Let’s see: yes, they only had one child. Or no; but that wasn’t the point anyway. So Father brought up the idea of the languages, which I’ll admit I liked.

‘What did you say?’

‘Ten languages.’

‘Our son isn’t a monster.’

‘But he can learn them.’

‘And why ten?’

‘Because Pater Levinski at the Gregorian knew nine. Our son has to do him one better.’

‘Why?’

‘Because he called me inept in front of the other students. Inept because my Aramaic was not progressing after an entire year with Faluba.’

‘Don’t make jokes: we are talking about our son’s education.’

‘I’m not joking: I am talking about my son’s education.’

I know that it bothered my mother a lot that my father referred to me as
his
son in front of her. But Mother was thinking of other things because she started to say that she didn’t want to turn me into a monster; and, with a skill I didn’t know she had in her, she said do you hear me? I don’t want
my
son to end up being a carnival monster who has to do Pater Luwowski one better.

‘Levinski.’

‘Levinski the monster.’

‘A great theologian and Biblicist. A monster of erudition.’

‘No: we have to discuss it calmly.’

I didn’t understand that. That was exactly what they were doing: discussing my future calmly. And I was pleased because ffucking life hadn’t come up at all.

‘Catalan, Spanish, French, German, Italian, English, Latin, Greek, Aramaic, and Russian.’

‘What are you listing?’

‘The ten languages he has to know. He already knows the first three.’

‘No, he just makes up the French.’

‘But he does a pretty good job, he makes himself understood. My son can do anything he sets out to.
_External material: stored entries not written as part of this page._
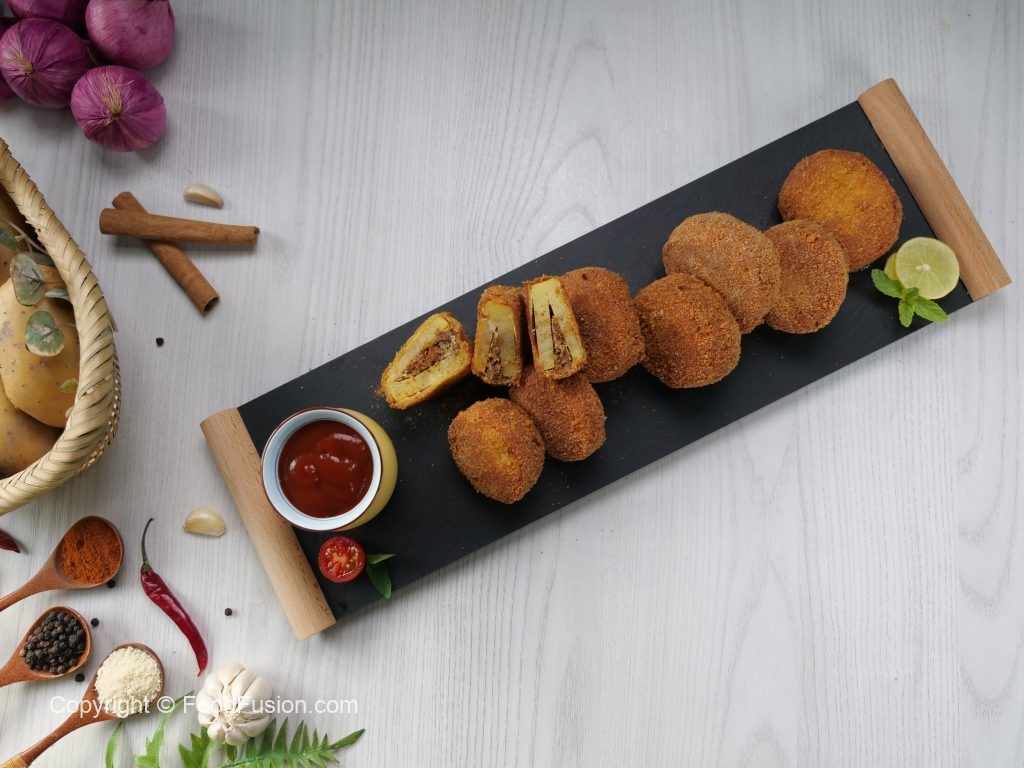 -Peel potatoes & cut ½ inch thick slices then cut half-moon (it will make it open up like a book) & stuff with mince filling & set aside.
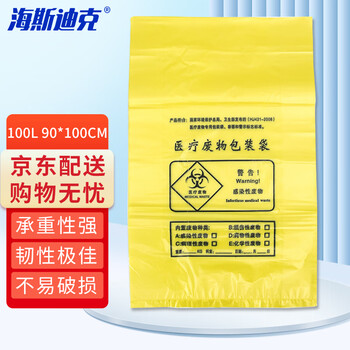 海斯迪克 HKW-103 加厚黄色医疗垃圾袋(50个)塑料袋 平口 100升90*100cm
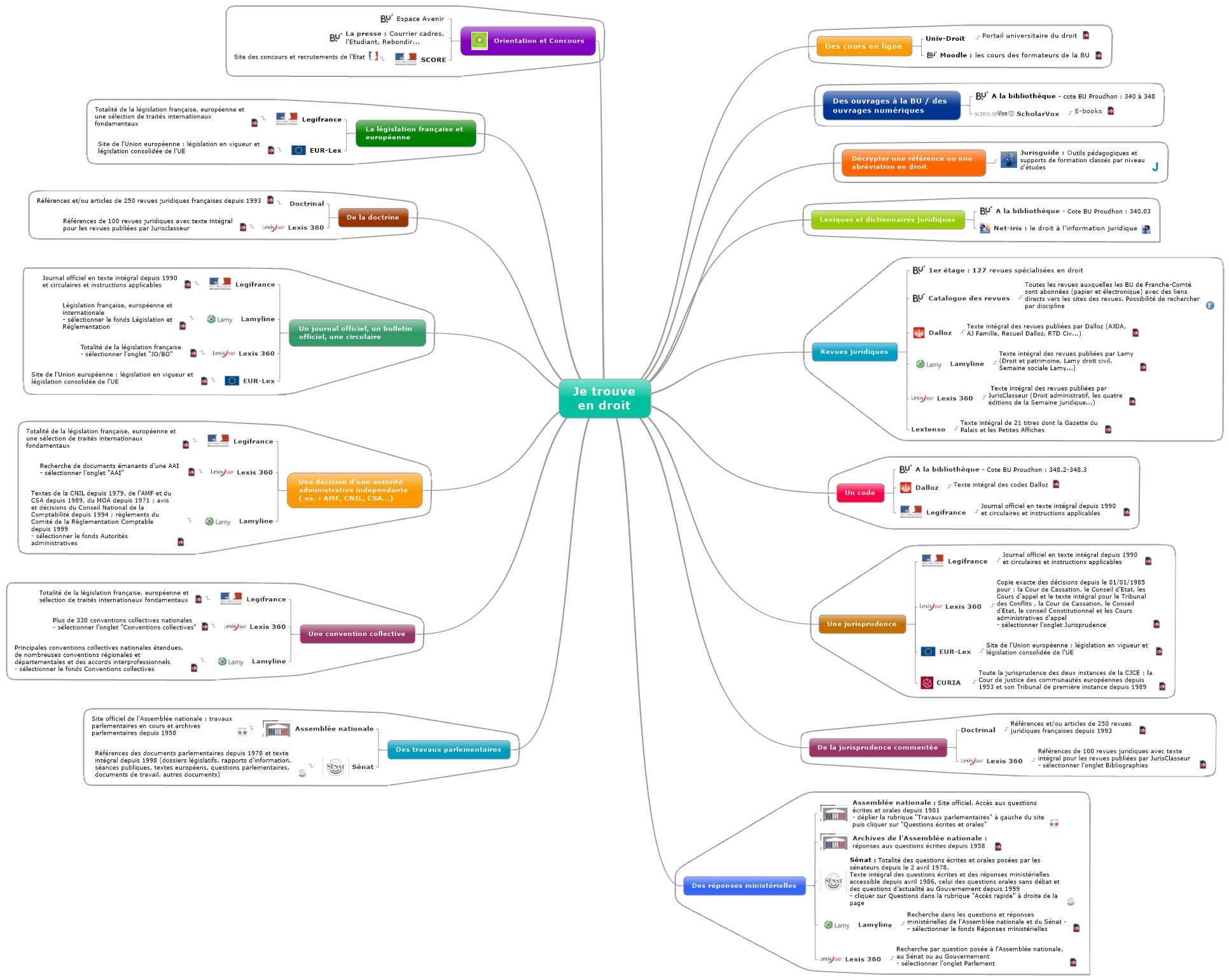 Des cours en ligne Univ-Droit http://www.univ-droit.fr/ http://moodle.univ-fcomte.fr/login/index.php Des ouvrages à la BU / des ouvrages numériques A la bibliothèque - cote BU Proudhon : 340 à 348 ScholarVox http://univ.scholarvox.com.scd1.univ-fcomte.fr/ Décrypter une référence ou une abréviation en droit http://jurisguide.univ-paris1.fr/ Lexiques et dictionnaires juridiques A la bibliothèque - Cote BU Proudhon : 340.03 http://www.net-iris.fr/lexique-juridique/ Revues juridiques 1er étage : 127 revues spécialisées en droit Catalogue des revues http://web.a.ebscohost.com/pfi/search/basic?sid=5cb175e1-16cf-4954-b834-cc06adccd48a@sessionmgr4006&vid=0&sdb=edspub&tid=3000EP Dalloz http://scd1.univ-fcomte.fr/login?url=http://www.dalloz.fr Lamyline http://scd1.univ-fcomte.fr/login?url=http://lamyline.lamy.fr/Content/Inicio.aspx?DATA=tlxYZWJzrprx;t2w7ANKY Lexis 360 http://scd1.univ-fcomte.fr/login?url=http://www.lexis360.fr/Home.aspx Lextenso http://scd1.univ-fcomte.fr/login?url=http://www.lextenso.fr/ip Un code A la bibliothèque - Cote BU Proudhon : 348.2-348.3 Dalloz http://scd1.univ-fcomte.fr/login?url=http://www.dalloz.fr Legifrance http://www.legifrance.gouv.fr/ Une jurisprudence Legifrance http://www.legifrance.gouv.fr/ Lexis 360 http://scd1.univ-fcomte.fr/login?url=http://www.lexis360.fr/Home.aspx EUR-Lex http://eur-lex.europa.eu/fr/index.htm CURIA http://curia.europa.eu/jcms/jcms/j_6/accueil De la jurisprudence commentée Doctrinal http://scd1.univ-fcomte.fr/login?url=http://ip.doctrinalplus.fr/ Lexis 360 http://scd1.univ-fcomte.fr/login?url=http://www.lexis360.fr/Home.aspx Des réponses ministérielles http://www.assemblee-nationale.fr/ http://archives.assemblee-nationale.fr/ http://www.senat.fr/ Lamyline http://scd1.univ-fcomte.fr/login?url=http://lamyline.lamy.fr/Content/Inicio.aspx?DATA=tlxYZWJzrprx;t2w7ANKY Lexis 360 http://scd1.univ-fcomte.fr/login?url=http://www.lexis360.fr/Home.aspx Des travaux parlementaires Assemblée nationale http://www.assemblee-nationale.fr/ Sénat http://www.senat.fr/ Une convention collective Legifrance http://www.legifrance.gouv.fr/ Lexis 360 http://scd1.univ-fcomte.fr/login?url=http://www.lexis360.fr/Home.aspx Lamyline http://scd1.univ-fcomte.fr/login?url=http://lamyline.lamy.fr/Content/Inicio.aspx?DATA=tlxYZWJzrprx;t2w7ANKY Une décision d'une autorité administrative indépendante ( ex. : AMF, CNIL, CSA...) Legifrance http://www.legifrance.gouv.fr/ Lexis 360 http://scd1.univ-fcomte.fr/login?url=http://www.lexis360.fr/Home.aspx Lamyline http://scd1.univ-fcomte.fr/login?url=http://lamyline.lamy.fr/Content/Inicio.aspx?DATA=tlxYZWJzrprx;t2w7ANKY Un journal officiel, un bulletin officiel, une circulaire Legifrance http://www.legifrance.gouv.fr/ Lamyline http://scd1.univ-fcomte.fr/login?url=http://lamyline.lamy.fr/Content/Inicio.aspx?DATA=tlxYZWJzrprx;t2w7ANKY Lexis 360 http://scd1.univ-fcomte.fr/login?url=http://www.lexis360.fr/Home.aspx EUR-Lex http://eur-lex.europa.eu/fr/index.htm De la doctrine Doctrinal http://scd1.univ-fcomte.fr/login?url=http://ip.doctrinalplus.fr/ Lexis 360 http://scd1.univ-fcomte.fr/login?url=http://www.lexis360.fr/Home.aspx La législation française et européenne Legifrance http://www.legifrance.gouv.fr/ EUR-Lex http://eur-lex.europa.eu/fr/index.htm Orientation et Concours Espace Avenir La presse : Courrier cadres, l'Etudiant, Rebondir... SCORE http://www.fonction-publique.gouv.fr/score
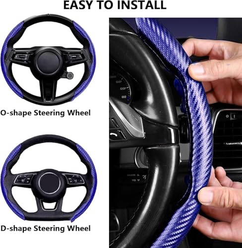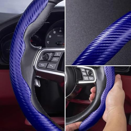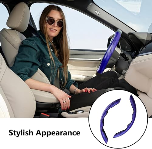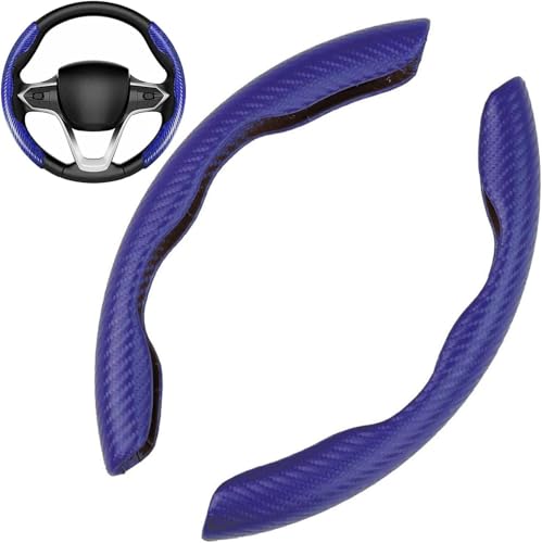 Bamyli - غطاء طارة دركسيون من ألياف كربونية بتصميم مقسم مضاد للانزلاق من باميلي، ملحقات للمركبات والسيارات والشاحنات من قطعتين (أزرق)

And he has a particular talent for languages. He will learn ten.’

‘He also needs time to play.’

‘He’s already big. But when it’s time to go to university he has to know them.’ And with a weary sigh, ‘We’ll talk about it some other time, OK?’

‘He’s seven years old, for the love of God!’

‘I’m not demanding he learn Aramaic right now.’ He drummed his fingers on the table with a conclusive gesture, ‘He’ll start with German.’